HOW TO COMPLETE THIS TASK ->
Only the text of the records below belongs in the answer, copied exactly, with pictures omitted.

RECORDS FOR THE EXERCISE START

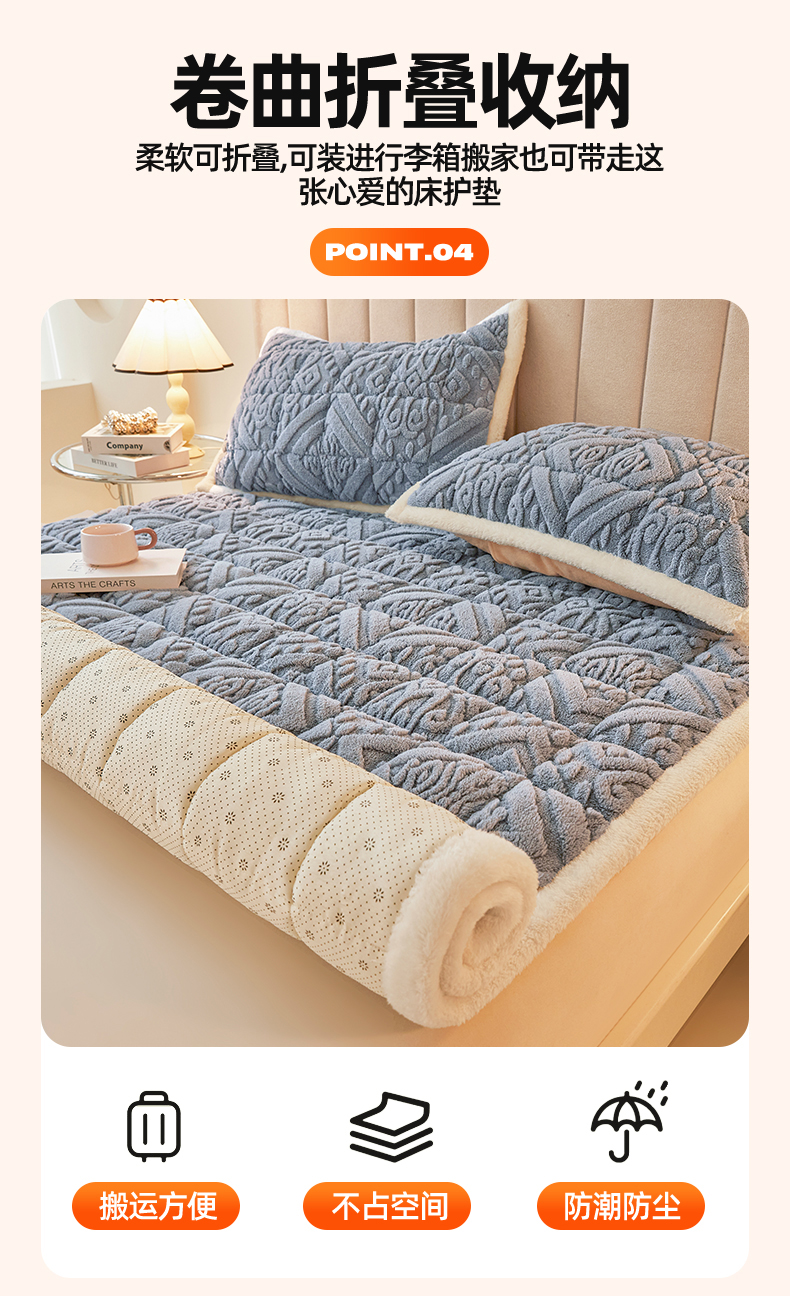 商品名称:(总)雯豆家纺 2025秋冬新款加厚塔芙绒床垫床褥床护垫双人床纯色素色垫子
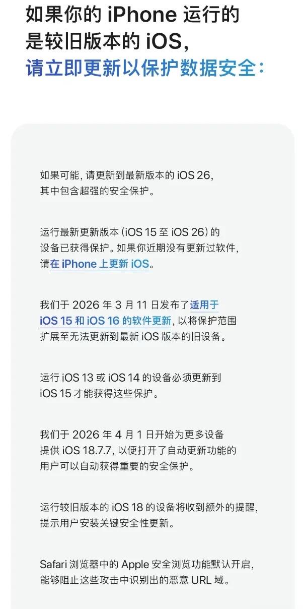 苹果紧急提醒:iPhone用户立即更新!你的手机可能正在"裸奔",2.8亿人已踩坑! 今早,苹果官微突然甩出红色紧急警报措辞前所未有的强硬:所有iPhone用户立刻更新系统! 不是优化流畅度,不是加新功能,而是你的手机正暴露在致命漏洞下,晚一步,隐私和钱袋子都可能不保! 工信部同步拉响最高级预警:境外黑客团伙正利用"暗剑"漏洞(CVE-2026-20643)疯狂攻击国内用户。这个漏洞藏在iOS最底层的浏览器内核,无需你授权、不用你输密码,只要点开一条群链接、看一个公众号网页、刷一条带广告的短视频,黑客就能瞬间远程接管你的手机! 你的相册、通讯录、聊天记录会被看光光;支付密码、银行卡信息、短信验证码全被偷走;甚至能偷偷打开摄像头、麦克风,实时监控你的一举一动。更可怕的是,这不是未来威胁,已有超千万台iPhone中招,国内2.8亿台设备还在风险区,只要还停留在iOS13.0—17.2.1全系列中招! 多少人还在犯傻:更新提示弹出来就点"稍后",怕新系统卡、怕耗电快、怕数据丢失。但你知道吗?老系统才是定时炸弹! 黑客日夜盯着这些漏洞,你的"懒得更",就是给小偷留着大门。有人刷个朋友圈被盗刷几万,有人点个链接被锁机勒索,有人全家照被泄露威胁——这些悲剧,本可以一个更新就避免! 苹果这次是真急了:不仅推最新iOS26.4.1安全版,还给老机型专门发了iOS18.7.7补丁,不更功能只堵漏洞。哪怕你是iPhone8、X这些老设备,也能安全升级。 别再侥幸!现在立刻打开设置—通用—软件更新,连上WiFi、充上电,5分钟更新,换一辈子安心。已经更完的,评论区报个平安;还没更的,别拖了!转发给用iPhone的家人朋友,别让你的疏忽,酿成无法挽回的损失!安全这件事从来没有"下次再说"!
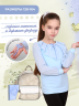 Блузка для девочек младшего школьного возраста, из однотонного трикотажного полотна - однотонная кулирка с лайкрой и шифона. Блузка полуприлегающего силуэта, с рукавом из шифона, без застежки. Спереди жабо со складками из шифона с декоративным элементом по центру. На спинке отсутствуют линии членения. Рукав длинный одношовный, присборенный по окату и низу, на манжете. Низ изделия подогнут. Срез горловины окантован.
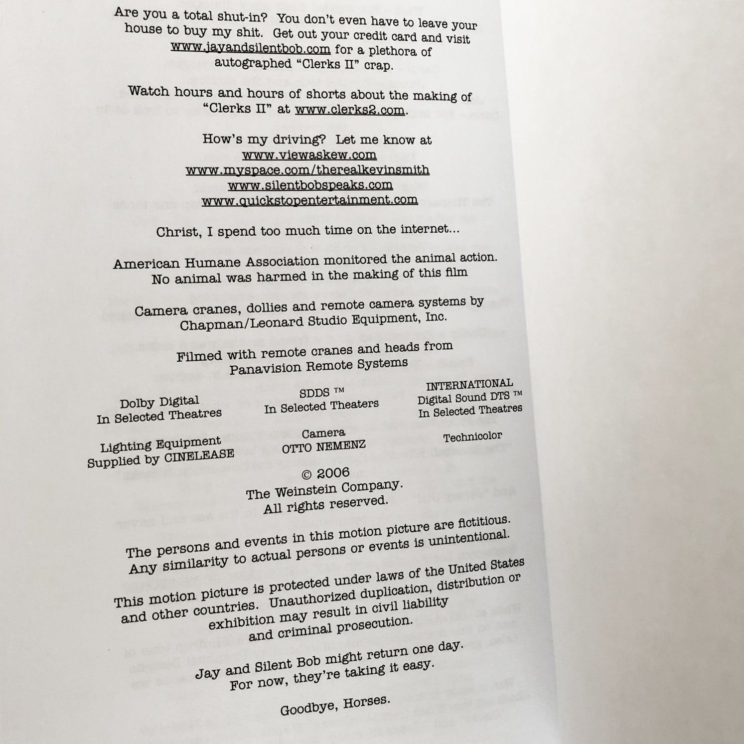 Contains the script from Clerks 2 together with a small section of photos from the movie.
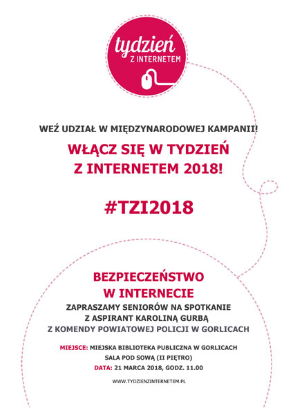 Plakat informujący o udziale w międzynarodowej kampanii "Tydzień z internetem", która odbyła się 21 marca 2018 roku w Miejskiej Bibliotece Publicznej w Gorlicach.
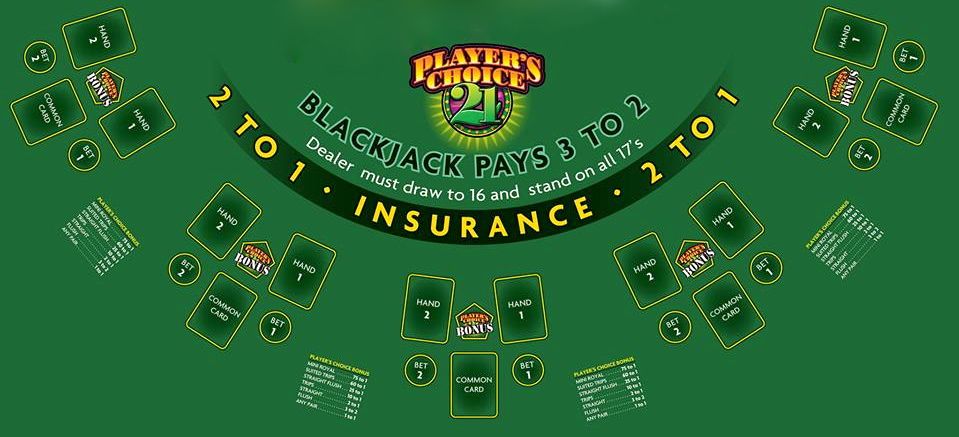 Player's Choice 21 — это вариант блэкджека, который я заметил в отеле Palazzo 17 августа 2013 года. Суть игры заключается в том, что игрок начинает с тремя картами и использует их для формирования двух стартовых комбинаций в блэкджеке. Одна карта, по выбору игрока, будет общей для обеих комбинаций. Для компенсации этой особенности игра предусматривает дополнительную ставку с отрицательным математическим ожиданием.
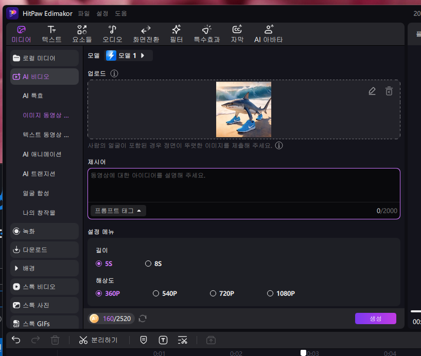 Edimakor의 가장 주목할 만한 기능 중 하나가 바로 이미지 동영상 변환 기능입니다. 이 기능은 사진 한 장만으로 짧고 임팩트 있는 동영상을 자동으로 생성합니다. 사용자는 단순히 사진을 업로드하고 간단한 프롬프트를 입력하는 것만으로 나만의 특별한 영상을 손쉽게 제작할 수 있습니다.

RECORDS FOR THE EXERCISE END

SOLUTION ->
 商品名称:(总)雯豆家纺 2025秋冬新款加厚塔芙绒床垫床褥床护垫双人床纯色素色垫子
 苹果紧急提醒:iPhone用户立即更新!你的手机可能正在"裸奔",2.8亿人已踩坑! 今早,苹果官微突然甩出红色紧急警报措辞前所未有的强硬:所有iPhone用户立刻更新系统! 不是优化流畅度,不是加新功能,而是你的手机正暴露在致命漏洞下,晚一步,隐私和钱袋子都可能不保! 工信部同步拉响最高级预警:境外黑客团伙正利用"暗剑"漏洞(CVE-2026-20643)疯狂攻击国内用户。这个漏洞藏在iOS最底层的浏览器内核,无需你授权、不用你输密码,只要点开一条群链接、看一个公众号网页、刷一条带广告的短视频,黑客就能瞬间远程接管你的手机! 你的相册、通讯录、聊天记录会被看光光;支付密码、银行卡信息、短信验证码全被偷走;甚至能偷偷打开摄像头、麦克风,实时监控你的一举一动。更可怕的是,这不是未来威胁,已有超千万台iPhone中招,国内2.8亿台设备还在风险区,只要还停留在iOS13.0—17.2.1全系列中招! 多少人还在犯傻:更新提示弹出来就点"稍后",怕新系统卡、怕耗电快、怕数据丢失。但你知道吗?老系统才是定时炸弹! 黑客日夜盯着这些漏洞,你的"懒得更",就是给小偷留着大门。有人刷个朋友圈被盗刷几万,有人点个链接被锁机勒索,有人全家照被泄露威胁——这些悲剧,本可以一个更新就避免! 苹果这次是真急了:不仅推最新iOS26.4.1安全版,还给老机型专门发了iOS18.7.7补丁,不更功能只堵漏洞。哪怕你是iPhone8、X这些老设备,也能安全升级。 别再侥幸!现在立刻打开设置—通用—软件更新,连上WiFi、充上电,5分钟更新,换一辈子安心。已经更完的,评论区报个平安;还没更的,别拖了!转发给用iPhone的家人朋友,别让你的疏忽,酿成无法挽回的损失!安全这件事从来没有"下次再说"!
 Блузка для девочек младшего школьного возраста, из однотонного трикотажного полотна - однотонная кулирка с лайкрой и шифона. Блузка полуприлегающего силуэта, с рукавом из шифона, без застежки. Спереди жабо со складками из шифона с декоративным элементом по центру. На спинке отсутствуют линии членения. Рукав длинный одношовный, присборенный по окату и низу, на манжете. Низ изделия подогнут. Срез горловины окантован.
 Contains the script from Clerks 2 together with a small section of photos from the movie.
 Plakat informujący o udziale w międzynarodowej kampanii "Tydzień z internetem", która odbyła się 21 marca 2018 roku w Miejskiej Bibliotece Publicznej w Gorlicach.
 Player's Choice 21 — это вариант блэкджека, который я заметил в отеле Palazzo 17 августа 2013 года. Суть игры заключается в том, что игрок начинает с тремя картами и использует их для формирования двух стартовых комбинаций в блэкджеке. Одна карта, по выбору игрока, будет общей для обеих комбинаций. Для компенсации этой особенности игра предусматривает дополнительную ставку с отрицательным математическим ожиданием.
 Edimakor의 가장 주목할 만한 기능 중 하나가 바로 이미지 동영상 변환 기능입니다. 이 기능은 사진 한 장만으로 짧고 임팩트 있는 동영상을 자동으로 생성합니다. 사용자는 단순히 사진을 업로드하고 간단한 프롬프트를 입력하는 것만으로 나만의 특별한 영상을 손쉽게 제작할 수 있습니다.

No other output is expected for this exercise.